As far as the balance between wargaming and role-playing, the bulk of the content is very wargame heavy, with the first 11 chapters covering, among other things, historical backgrounds, mapping and movement, terrain, combat and play sequence and components. Only the 3-pages of chapter 12 (out of the book's total 46 pages + ads in the 1st edition) are solely focused on RPG design. Truthfully, though, less than a decade into the life of RPGs as we know them, many of the role-playing games at the time were obviously founded in the industry's wargames roots, so no faults to mssrs. Schuessler and Jackson.

The real point I'm trying to get to here, though, is what's really contained in the italic lead in to this post, and the reason I think a lot of gamers have moved back to the simplicity of some of the earlier game systems. This is actually reiterated even in the tiny RPG chapter in statements like, "The more detail a character-generation system has, the less manageable and more realistic it will be." The other statement that really seems to hammer my point home is, "D&D, with a combat system so rudimentary as to laughable, has proven immensely popular." (I love that... "laughable.")

In 1981/2 when I was getting into D&D, I bought both the BX boxed sets, as well as the AD&D PH, DMG and MM. But when I DM'ed, I usually DM'ed BX for two reasons: 1) it was simpler for my friends and family to "get" (my sister loved playing elves as a class), and 2) it was simpler for me to run. Now, had I bought the AD&D GM screen and stopped needing to flip through the DM guide constantly, maybe this would have been different. I remember specifically running module U1 under BX, rather than 1E as was intended.

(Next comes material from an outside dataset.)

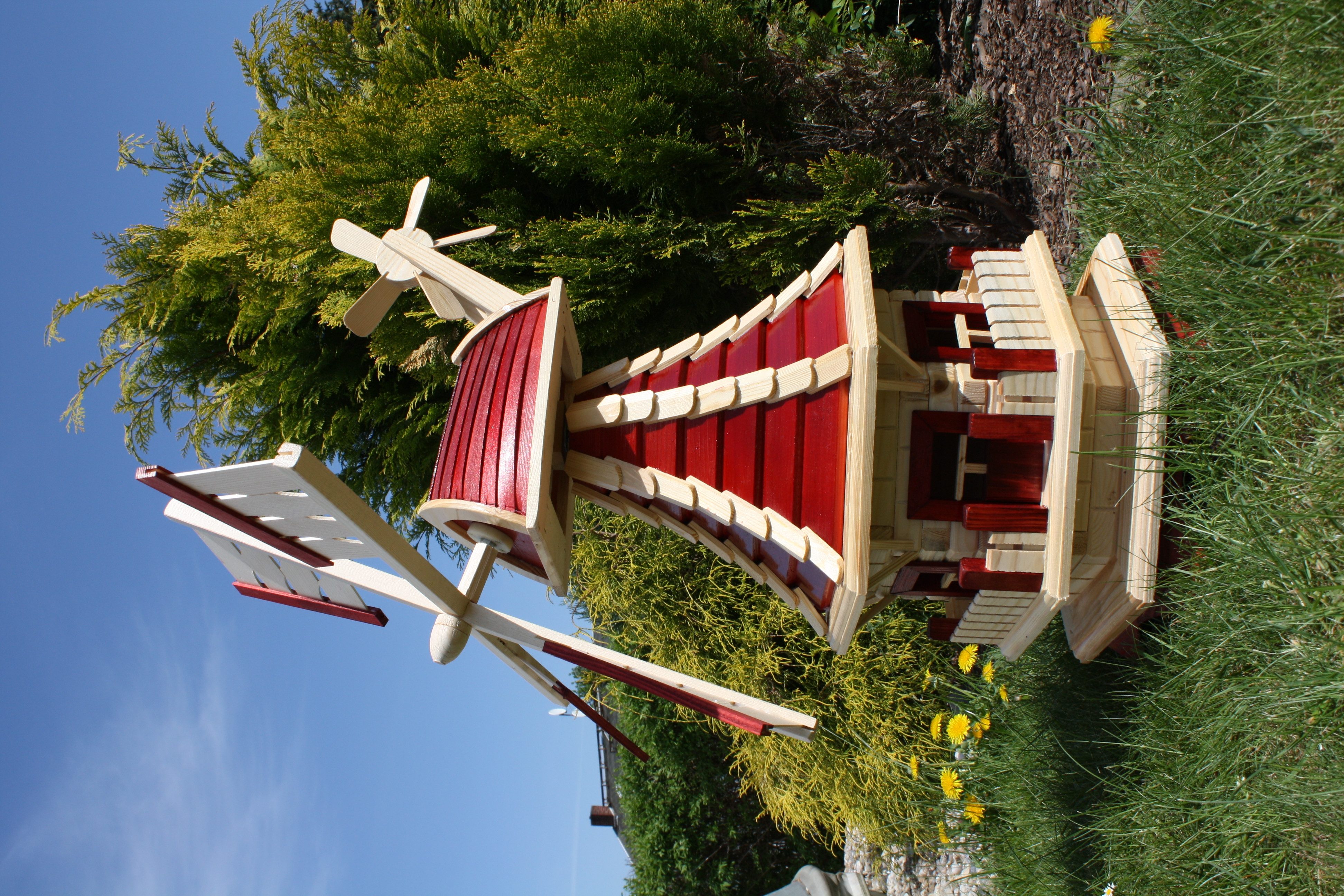 Pflegehinweise | Die Mühle ist nur teilweise mit Holzschutz behandelt und sollte daher noch komplett mit Holzschutz gestrichen werden! |

In looking back, I think part of the reason I started to fall away from D&D and started "falling into" games like Marvel Superheroes is because I felt like D&D was getting too "burdensome." I started to feel that way about almost every RPG coming out at the time. There were too many rules. And the books were getting thicker! And there were so many volumes and world books! (To this day, I have an aversion to almost every Palladium book I've ever seen for this very reason!) More importantly, it's why I've been so enamored by and overjoyed with the OSR.

In my day, we didn't have 400-page sourcebooks for every freakin' character sub-class... AND WE LIKED IT!